=== Aim of the exercise ===
Nothing but the pictures may be dropped; the rest of the listing is to be written out exactly.

BEGIN Information supplied

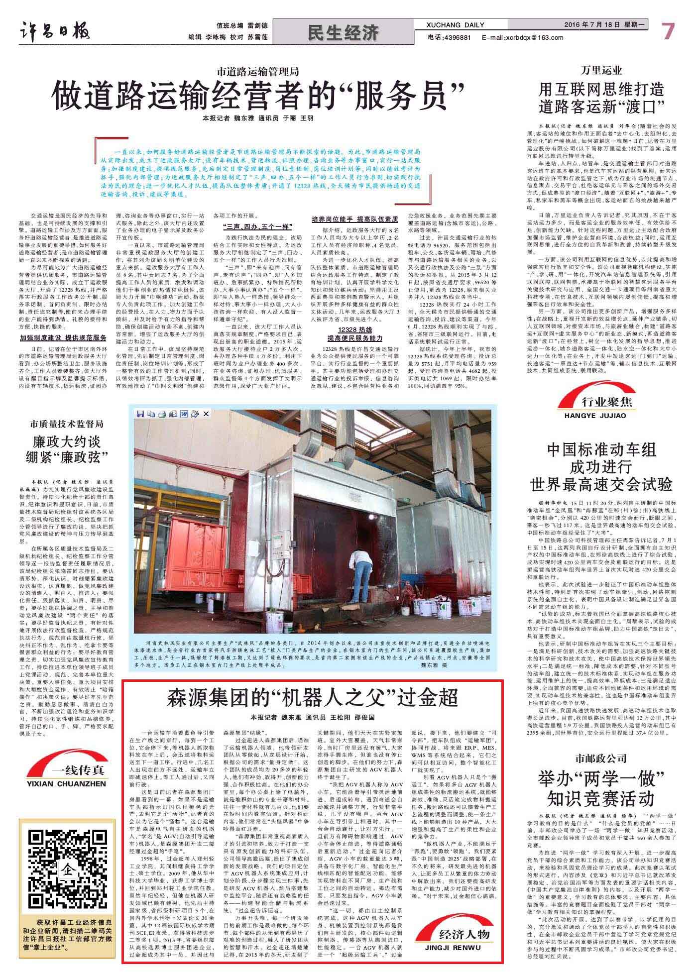这是日前记者在森源集团厂房里看到的一幕。如果不是运输车头部指示灯闪烁出橙色的光芒,表明它是个“活物”,记者真的会以为它是个“怪物”。这台运输车是森源电气自主研发的机器人,“学名”是agv(自动引导运输车)机器人,是森源集团开发二部经理过金超的“手笔”。
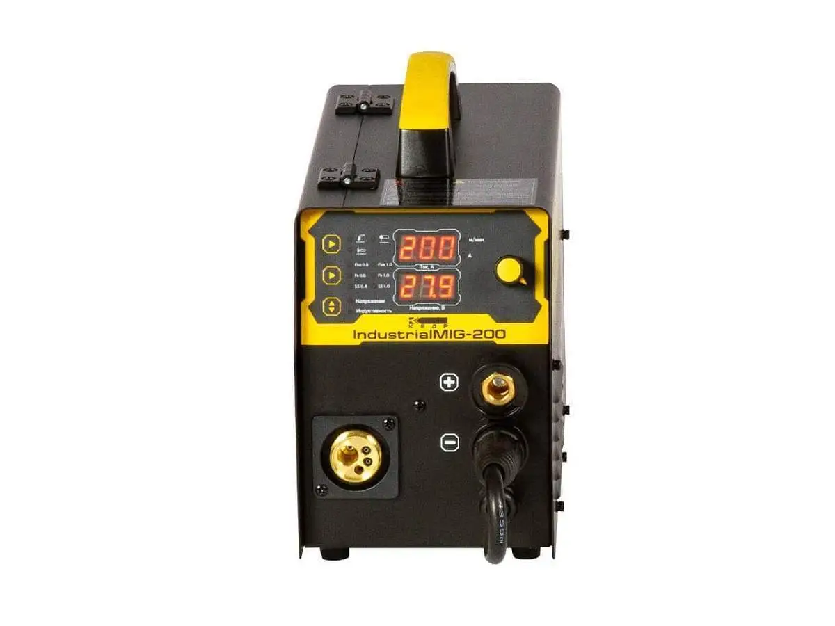 Сварочный полуавтомат КЕДР IndustrialMIG-180 и КЕДР IndustrialMIG-200 предназначен для сварки углеродистых и низколегированных сталей проволокой сплошного сечения или порошковой проволокой диаметром от 0,8 до 1,0 мм. В качестве защитного газа могут быть использованы инертные (Ar), активные газы (CO2) и сварочные смеси (Ar + CO2) для дуговой сварки плавящимся электродом в защитном газе (MIG/MAG).
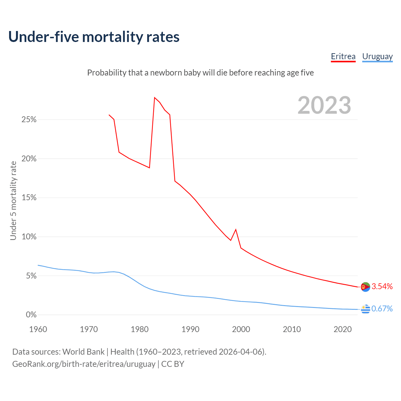 The chance that a newborn baby will die before reaching age five is 3.54% in Eritrea and 0.67% in Uruguay. Above is a chart with historical data on under-five mortality rates.

END Information supplied

=== Output ===
这是日前记者在森源集团厂房里看到的一幕。如果不是运输车头部指示灯闪烁出橙色的光芒,表明它是个“活物”,记者真的会以为它是个“怪物”。这台运输车是森源电气自主研发的机器人,“学名”是agv(自动引导运输车)机器人,是森源集团开发二部经理过金超的“手笔”。
 Сварочный полуавтомат КЕДР IndustrialMIG-180 и КЕДР IndustrialMIG-200 предназначен для сварки углеродистых и низколегированных сталей проволокой сплошного сечения или порошковой проволокой диаметром от 0,8 до 1,0 мм. В качестве защитного газа могут быть использованы инертные (Ar), активные газы (CO2) и сварочные смеси (Ar + CO2) для дуговой сварки плавящимся электродом в защитном газе (MIG/MAG).
 The chance that a newborn baby will die before reaching age five is 3.54% in Eritrea and 0.67% in Uruguay. Above is a chart with historical data on under-five mortality rates.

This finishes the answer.